Third part as a safety net — keep it sealed and untouched, used to turn the tide when the market crashes. Most people fail because they go all-in, leaving no room for maneuver. Remember: only alive can have a chance to profit.
**Second Tip: Only follow big trends**
80% of the time in the crypto world, prices are sideways or oscillating. Frequent trading? That’s just giving away fees to the exchange.
When there’s no trend, wait. For example, if BTC is sideways for more than three days, just close the software. Wait until it breaks the range or stabilizes above key moving averages; only then is the trend clear. After entering, if profits exceed 20% of the principal, take out 30% to lock in gains, let the rest run. "Don’t touch it normally, but when it moves, take big profits" — that’s much more reliable than daily tinkering.
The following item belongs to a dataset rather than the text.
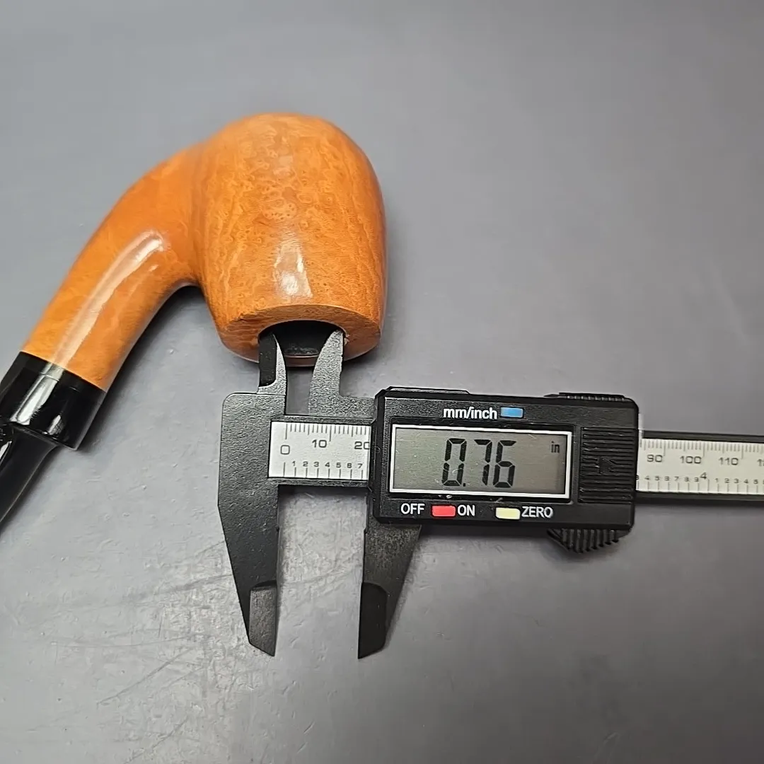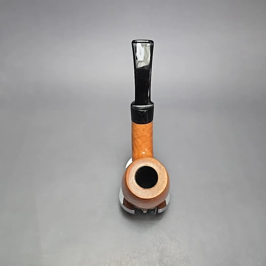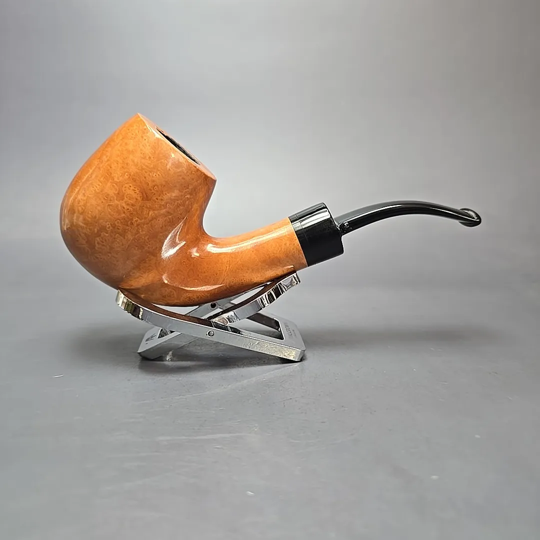 Though Nording’s career has been defined both by his pioneering of the “Danish fancy” freehand genre and by his creation of bold, modernist Scandinavian designs, a closer look at his portfolio over the last six decades reveals a profound versatility to his approach. From billiards to horns, to minimalist pokers, to shapes that, as of yet, don’t have a name, he’s done it all. I’ve even seen a Nording rendition of the iconic Dunhill LC, come to think of it. It should come as no surprise, then, that Erik would also explore the “house pipe” genre, i.e., a large, easy sipper with a chamber capacity that may well provide a couple of hours of enjoyment if smoked at a leisurely pace, and with a flake, coin, or plug cut. The Giant Classic is exactly that, taking the form of a very large, full-bent billiard. This one comes from the highest grade in that line, the “A,” being dressed in a light, natural finish that lets the bird’s-eye briar underneath speak for itself.

**Third Tip: Use strict rules to tame emotions**
Set three hard rules in advance:
Stop loss at 2%, cut immediately when hit, no matter how much you regret.
Take 4% profit, close half immediately, let the remaining position run with the profit.
Never add to a losing position; don’t listen to nonsense about "averaging down."
You don’t need to be right every time, but execution must be strict. The top way to make money is to let rules handle greed and panic, preventing emotions from messing up your rhythm.
**Small funds are never a problem**
Turning $1200 into $38,000 isn’t about gambling mentality; it’s about respecting risk and having patience for opportunities.
If you’re still losing sleep over a few hundred dollars’ rise or fall, or don’t know how to allocate funds or find trends, take your time to explore. But honestly, avoiding three years of detours often just comes down to understanding "how to be steady" — which is much more important than "how to be fast."